The ladies in there traditional costumes. We are told that Peruvian ladies hats are distinctive to each area.

Babies are carried on the backs in a sling.

After being shown different wools from llamas or alpacas and how dirty they are because these animals don't shower,  the leader shows us that they use a root as soap. She grates some of it into a bowl.

It makes bubbles easily and the wool comes out like snow. It also has a nice smell.

The red die comes from the cochineal, a scale insect living on the prickly pear cactus.

If you want to know more about it click here.









The leader just scraped a few off the cactus and squashed them in her palm.


They also use it as lipstick.

















Then she explains the weaving process.


Since we like what we see and the quality, we make a purchase.











Right outside the weavers are other vendors. This lady is selling crochet finger puppets as many do in all the areas we are visiting. She has made them herself. I buy a condor.
From there we walk to see some old Inca ruins.



Of course the Spanish have reached this place and built on top of it.
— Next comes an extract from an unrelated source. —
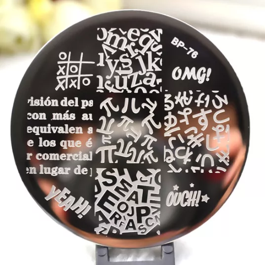 Пластина изготовлена из прочного металла. Она гладкая и блестящая, что позволяет переносить высокоточные рисунки с идеальной проработкой даже самых мелких деталей рисунка. Рисунки можно комбинировать, наносить их разными цветами лаков, добавлять стразы, жемчуг, бульонки, а также любые другие декоративные элементы.
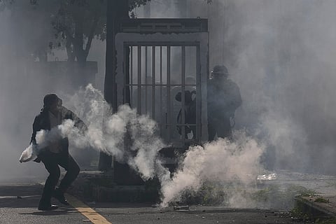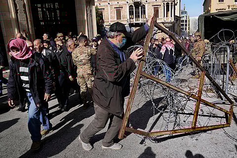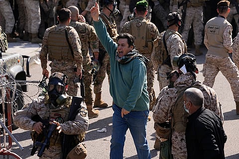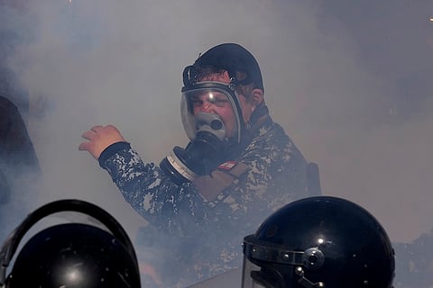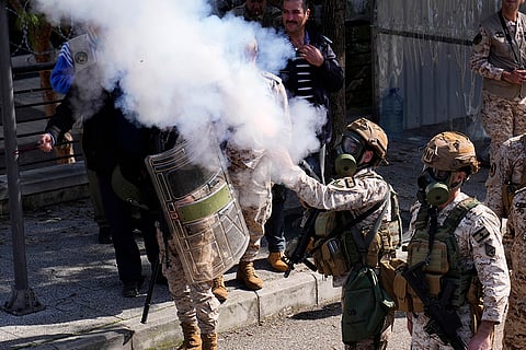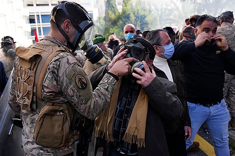 A Lebanese soldier helps his retired comrade after inhaling tear gas during a protest demanding better pay in Beirut, Lebanon. Lebanese security forces fired tear gas to disperse dozens of protesters, mainly retired soldiers, who tried to break through the fence leading to the government headquarters in downtown Beirut amid widespread anger over the harsh economic conditions in the country.

This is the church. No pictures allowed inside. All the walls and the ceiling are painted with pictures and statues of saints in masses. I can't say that it was pretty.

Trying to capture the moment from the bus window. I think the shepherd(ess) was washing in the stream.

We stop to see the circular terraces of Moray. Large, natural depressions in the landscape that the Inca sculpted into terraces hundreds of years ago to serve as an experimental station for the development of different strains of crops.









The saltpans in the colonial village of Maras, developed by the Inca and still in use today.















We have lunch at a restaurant in a hotel quite remote. It has a lovely garden with roses. We are outside under umbrellas. The food was very nice but the chairs were the most uncomfortable ones I have EVER sat on.


After lunch we tour the massive ruins at Ollantaytambo, both a temple and a fortress, where work mysteriously halted centuries ago.

The streets are laid out in a very orderly fashion and very sophisticated with drainage etc.


Fernando takes us into one household to show us how the people live today.

Guinea pigs running around in the kitchens/living places in many families. Just like chickens and dogs seem to run around loose. A boy was feeding these. 

There were other items hanging on the walls and on display. Some I found quite gloomy and macabre like sculls of ancestors and didn't feel like taking a picture.
A market in front of the ruins' entrance.


The mountain opposite with carvings and storehouses built.

A close-up of the above. Can you see the face?

We climb up the ruins. MANY uneven steps. I huff and puff but am so happy I did it. Fernando points out the incredible Inca work. They had no iron tools, no wheels for transportation, but still there is amazing workmanship. The stones fit perfectly. This is granite just chiseled with harder stones. No mortar in-between these. Most of the stones are huge, many weighing several tons.


On the top the huge pink granite stones of the temple, transported from a quarry across the valley.



You have to be impressed. 










 

The view from the top. 












Dinner is in the restaurant of our hotel. This time I have the Andean trout. Very nice.